Но Гера и на этот раз промолчал. Только слегка поморщился.
Второй копач, Валера, весело вышагивал по снегу в своих высоких чесанках, неся на каждом плече по покрышке, отдаленно напоминая не совсем трезвого, опустившегося ангела, у которого волосы на голове (шапку Валера не носил всю зиму) спутались и стоят дыбом, а крылья от непутевой жизни совсем почернели и свернулись в тугие резиновые кольца. Однако Валера и не думал грустить. Третью покрышку он нес в руках — как запасное крыло, которое тоже свернулось.
— И меня, хозяин, не забудь! — сказал он, оглядываясь на ходу. И засмеялся.
Когда пришли к березам, Князев осмотрелся, соображая, где тут место попригоднее. Потом немного раскидал ногами снег возле громадного куста смородины, обошел его кругом, еще подумал, будто вспоминал: “Тут ли?” — и наконец решил:
— Ага, вот здесь и копайте!
— Что копать?
— Копайте здесь могилу. — И рукой показал, как должна быть расположена могила. — Хоронить буду здесь. Ясно?
Валера коротко хохотнул. Но тотчас спохватился, пробуя сделать скорбное лицо — “это я так, мол…”. А Юрка от удивления, казалось, и вовсе прозрел — на второй глаз. Вообще от бельма выражение у него было чудное — и глупое, будто у дурачка-юродивого, и одновременно мудрое: зрячий глаз, голубой, красивый, опушенный длинными ресницами, смотрел на все с неземной печалью. От этого-то у Юрки временами был вид человека, который и одним глазом видит подальше, чем многие двумя. Но теперь выражение печальной мудрости сошло с его лица. Оно стало совсем глупым.
Тут встрял Валера. Он был только тому рад, что им не надо тащиться на кладбище, и боялся, как бы Юрка не заартачился. Тогда и заработок, чего доброго, уплывет из рук!
— Так точно, начальник! Все ясно.
И он бросил покрышки в снег.
Спустя полчаса — все это время Юрка рубил сушняк, разводил кострище во всю длину будущей могилы — Валера, побежавший в магазин, вернулся с водкой. Он смахнул снег с пня, разложил весело газетку, выставил бутылку, два пластмассовых стаканчика, хлеб и банку консервов.

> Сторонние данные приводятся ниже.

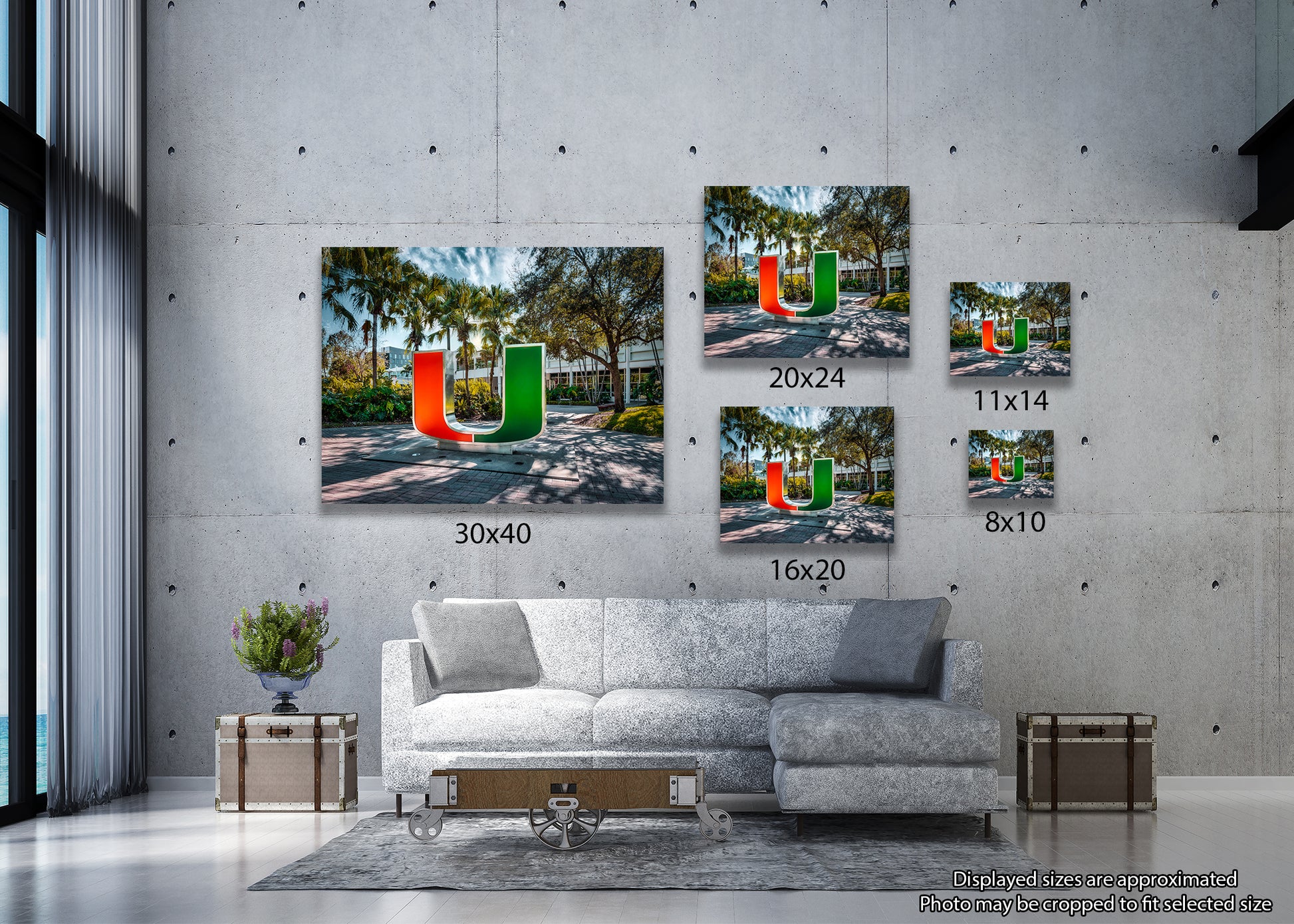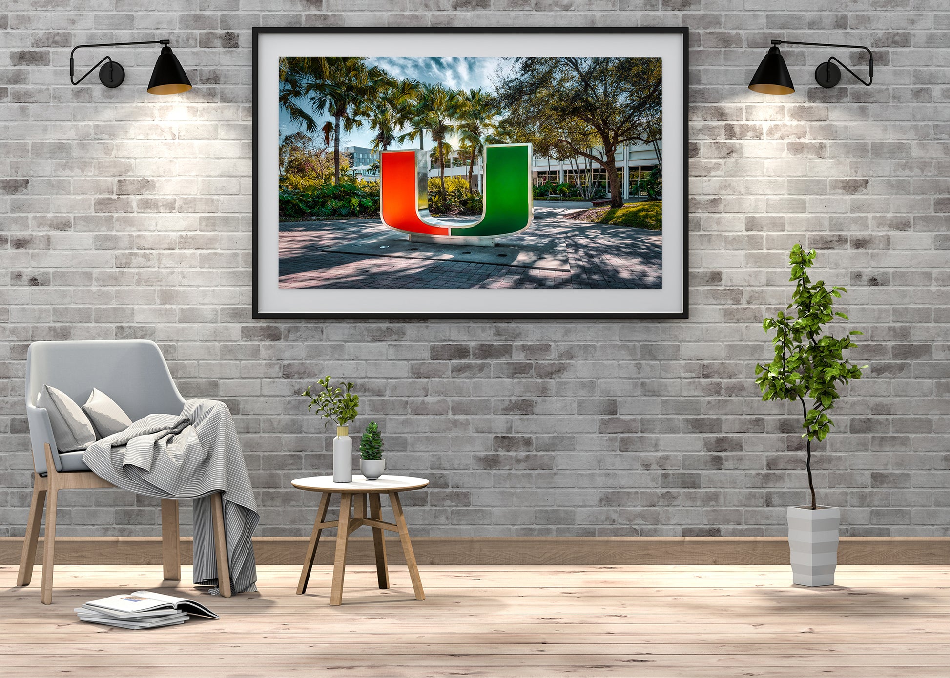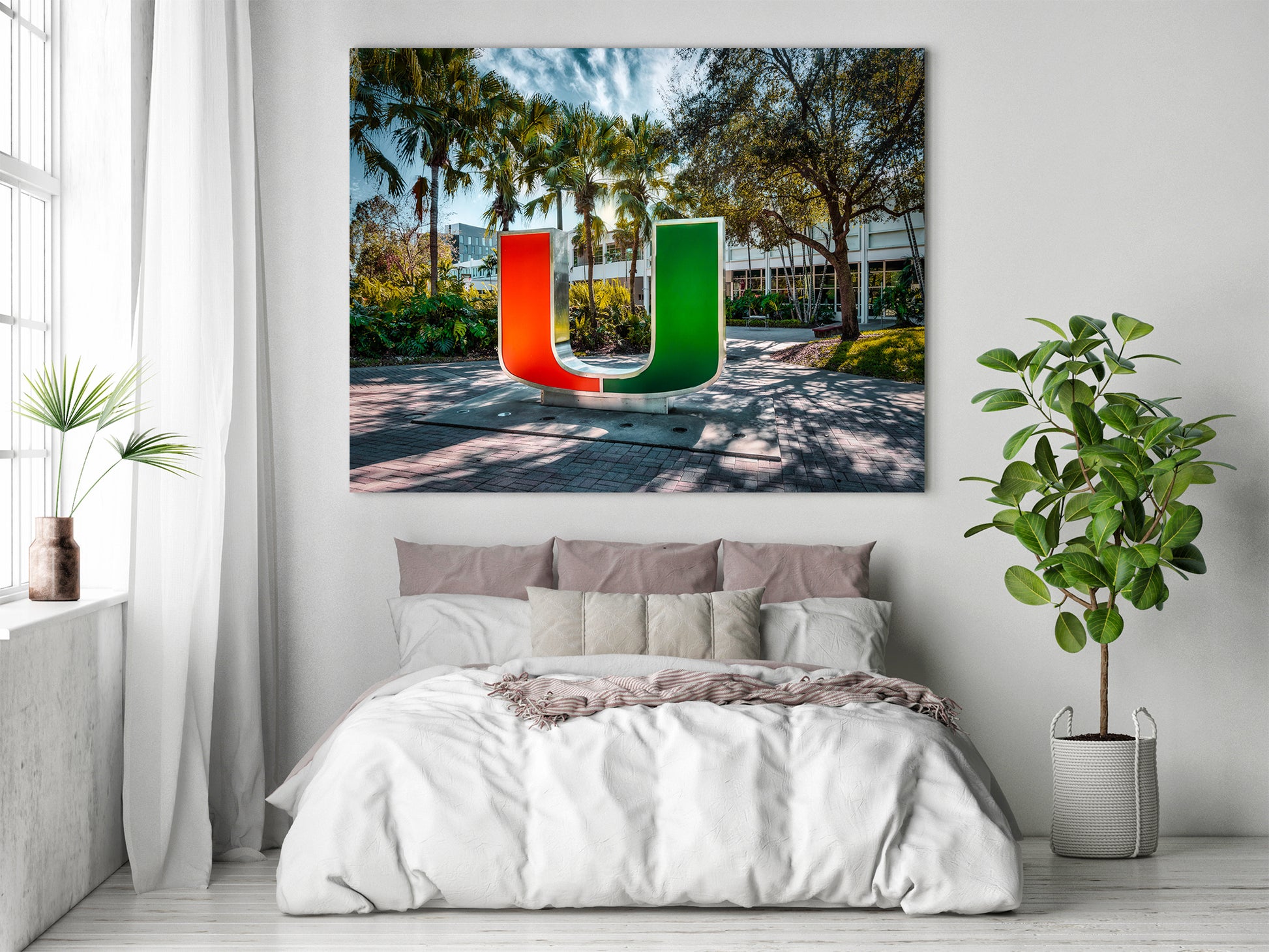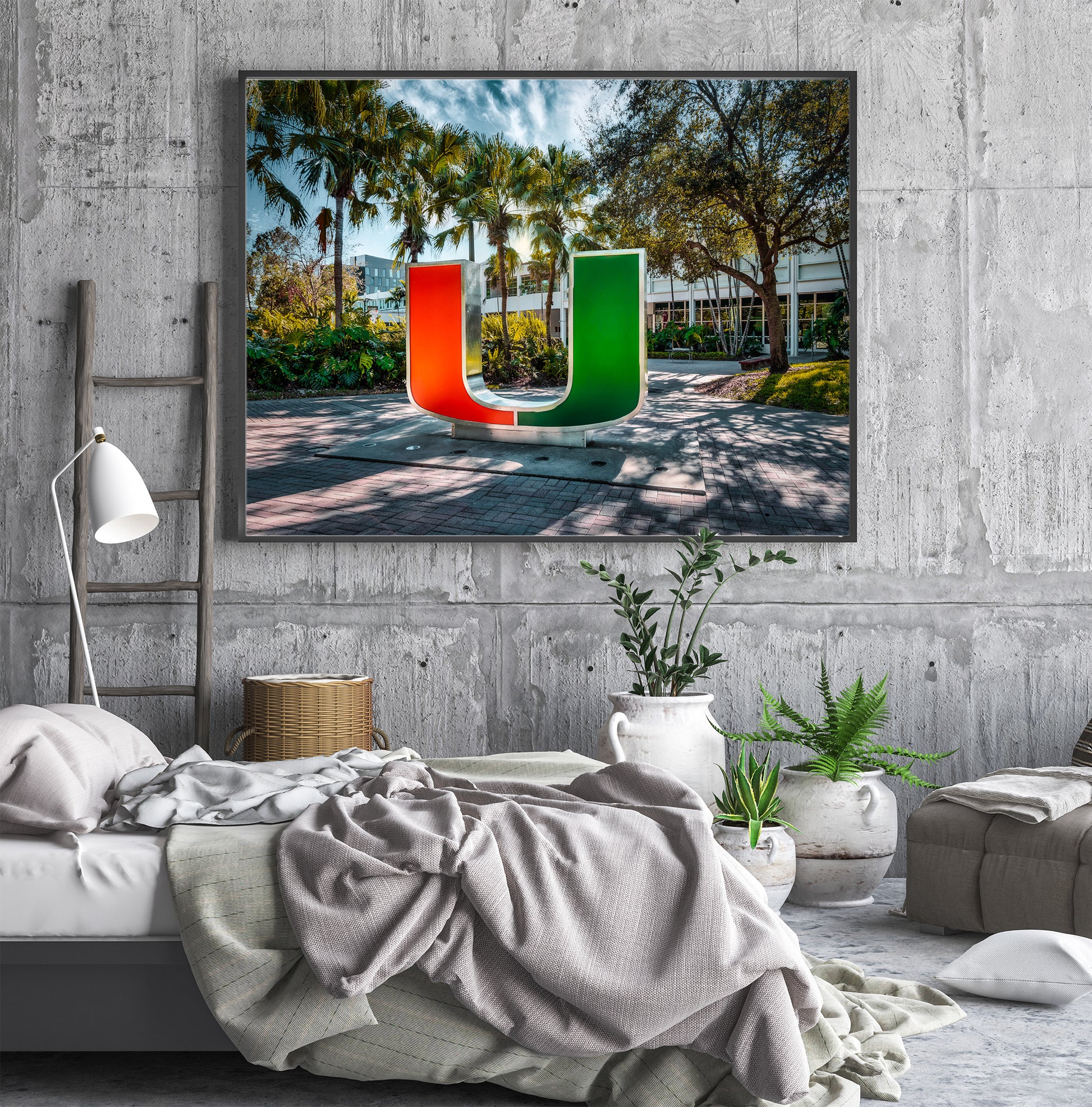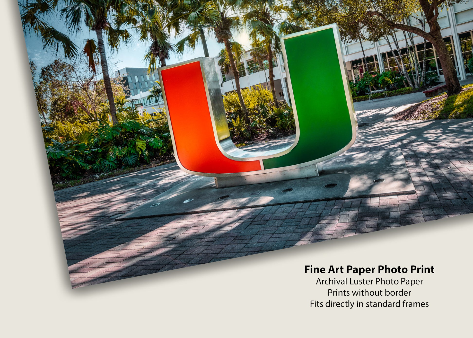 The iconic U statue at the University of Miami stands bold and proud, dramatically lit against the surrounding shadows. Vivid colors and deep contrasts bring the symbol to life, showcasing the energy and pride that define the Hurricane spirit. The lighting enhances its sleek form, turning a simple landmark into a powerful visual centerpiece.

— Ну, давай, что ли! — с радостным нетерпением кликнул он Юрку. — Нож-то у тебя есть?
Тот достал складной нож, но долго не мог открыть его: ломались ногти. Грустно усмехаясь, повернулся к Валере:
— Складень уже открыть не могу, что ты поделаешь! Во, смотри, совсем хрупкие стали! — И показал свои желтые обломанные ногти.
Валера забрал у него нож, раскрыл. Одним коленом становясь в снег перед пеньком, с одобрительным кряхтением открывая банку, заговорил бодро, весело:
— А ногти — это да, бывает. Это в организме витаминов мало. То есть это если по-научному. Дефицит, другим словом… Это, чтобы пример тебе привести, у меня такое же было! Лет шесть назад, — сказал он, вставая и отряхивая рукавицей снег с колена. — Помню, домой придешь с лесничества, и сапоги не снять. Ноги от голода распухли! — захохотал он и, взяв бутылку, стал разливать по пластмассовым стаканчикам. — Ну, туда-сюда, в дверь этак зажмешь, выхватишь ногу кое-как. А из брюк, из портянок аж перхоть посыплется! Это кожа такая сухая. Да много перхоти, этак с полгорсти. Вот тогда-то я и навострил лыжи отсюда… Что ты, подыхать никому не хочется — это ж медицинский факт!
Солнце между тем поднялось выше. Оно уже ярко светило сквозь тонкую серую паутинку неба; дымные лучи косо стояли между деревьев, а сами деревья, окружавшие полянку, все были в тонком инее… Когда выпили по первой и закусили, отламывая хлеб и макая в банку, Юрка опять занялся костром. Он обошел его, щурясь от жара и щитком делая ладонь перед глазами, потом изловчился и толкнул ногой одну из покрышек, горевшую неохотно. Две другие полыхали ярко, выбрасывая вверх густой черный дым и булькая закипающей резиной.
— Да брось ты к хренам костер этот! — сказал Валера весело, захмелевшим голосом. Он уже держал налитый Юрке стаканчик и ждал. — Давай, батяня, еще по одной.
Но тот все не спешил: еще раз обошел костер, внимательно что-то выглядывая единственным зрячим глазом, еще подбросил дров, потом высморкался в сторону, прикладывая палец к одной и к другой ноздре, утерся рукавом ватника. Лишь после этого взял осторожно стаканчик своими заскорузлыми пальцами и выпил, высоко поднимая брови.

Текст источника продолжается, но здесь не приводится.